Saturday, November 19, 2011

Aha Moment Quote!

I saw this quote just a little while ago, and it is JUST what I needed to read.

"The best day of your life is the one on which you decide your life is your own. No apologies or excuses. No one to lean on, rely on or blame. The gift is your - it is an amazing journey - and you alone are responsible for the quality of it. This is the day your life really begins."
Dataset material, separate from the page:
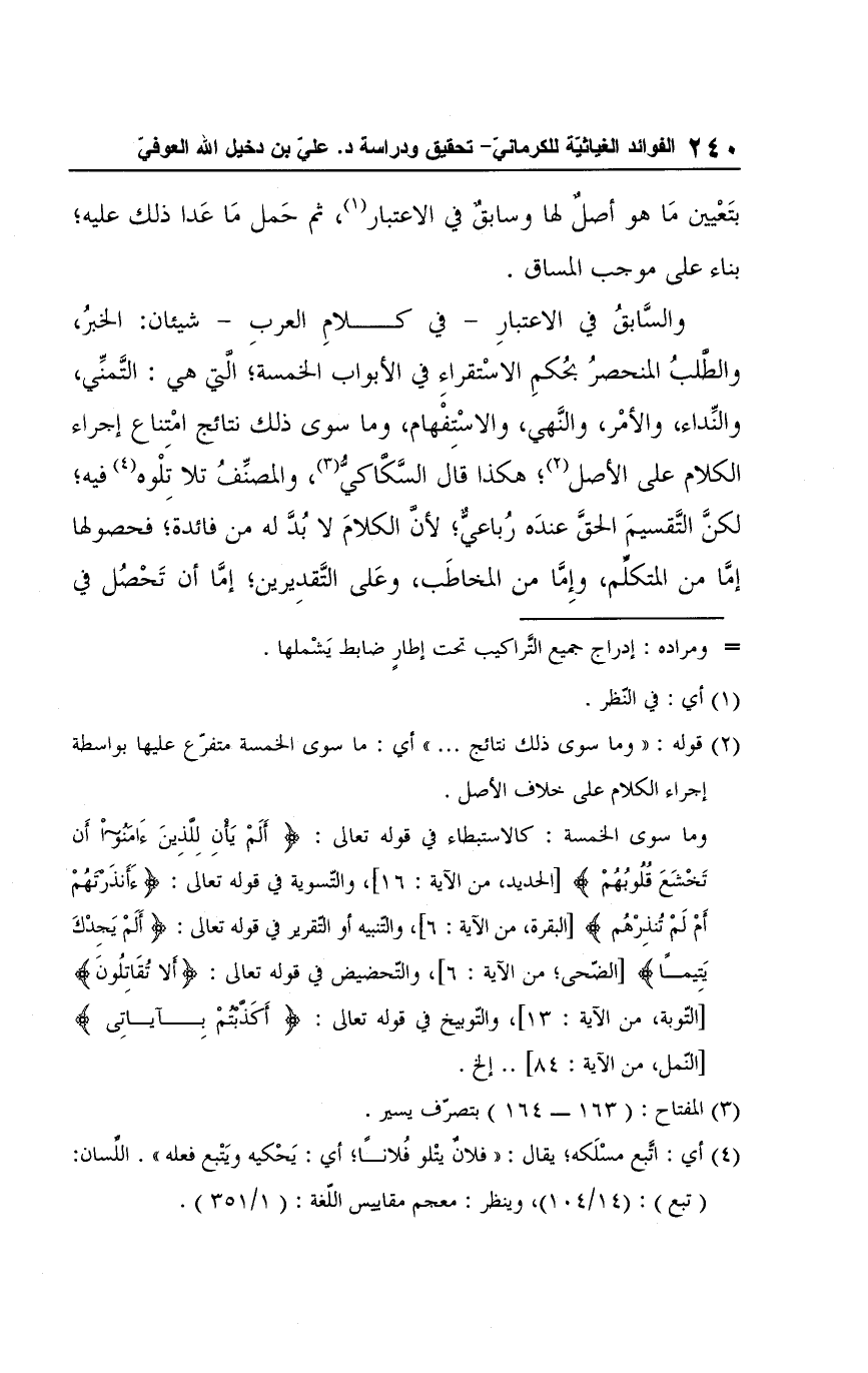 والسَّابقُ في الاعتبارِ -في كلامِ العربِ- شيئان: الخبرُ، والطلبُ المنحصرُ بحُكمِ الاستقراءِ في الأبواب الخمسة؛ الّتي هي: التَّمنِّي، والنِّداء، والأمْر، والنَّهي، والاسْتِفْهام، وما سوى ذلك نتائج امتِناع إجراء الكلام على الأصل (¬2)؛ هكذا قال السَّكاكيُّ (¬3)، والمصنِّفُ تلا تِلْوه (¬4) فيه؛ لكنَّ التَّقسيمَ الحقَّ عندَه رُباعيٌّ؛ لأن الكلامَ لا بُدَّ له من فائدة؛ فحصولها إمَّا من المتكلم، وإِمَّا من المخاطَب، وعَلى التَّقدِيرين؛ إمَّا أن تَحصُل في

I am going to print this out and put it somewhere I will see it every day.  It's time I take my life back into my own hands!  I am not this depressed person that has plagued my life lately.  I have always been full of sunshine.  The things I am going through do not define me or my life.  I am still the same person no matter what has happened.  I hope this quote will be as poignant to someone else as it was to me.  ♥

Friday, November 18, 2011

Life is Hard

I've been absent lately.  I've been struggling with the whole living positive thing, and I just didn't feel like posting to be quite honest.  Life is hard.  I do my best to think positively and just keep smiling through whatever comes my way, but the last several months of my life have taught me that I am only human, and we all have our breaking points.  I'm flirting with mine.  Life really IS a miracle, but it really IS hard too.  People have always told me how strong I am, and I always thought when they said that, what other choice do we have when we are faced with trials and tribulations?  I've been through a lot in this 34 years of life of mine.  I have always been able to push through.  I guess I have been pretty strong.  I just am not feeling as strong these days.  I am struggling with finding my way and pushing through.  I know I will, it's just kind of a tough road right now.  I was listening to Mumford & Sons and heard their song, "After the Storm" and loved it.  I like the line that says, "Get over your hill and see what's there."  If I can just make it up the hill, I know there will be something worthwhile there.  ♥  This is for everyone struggling with something out there!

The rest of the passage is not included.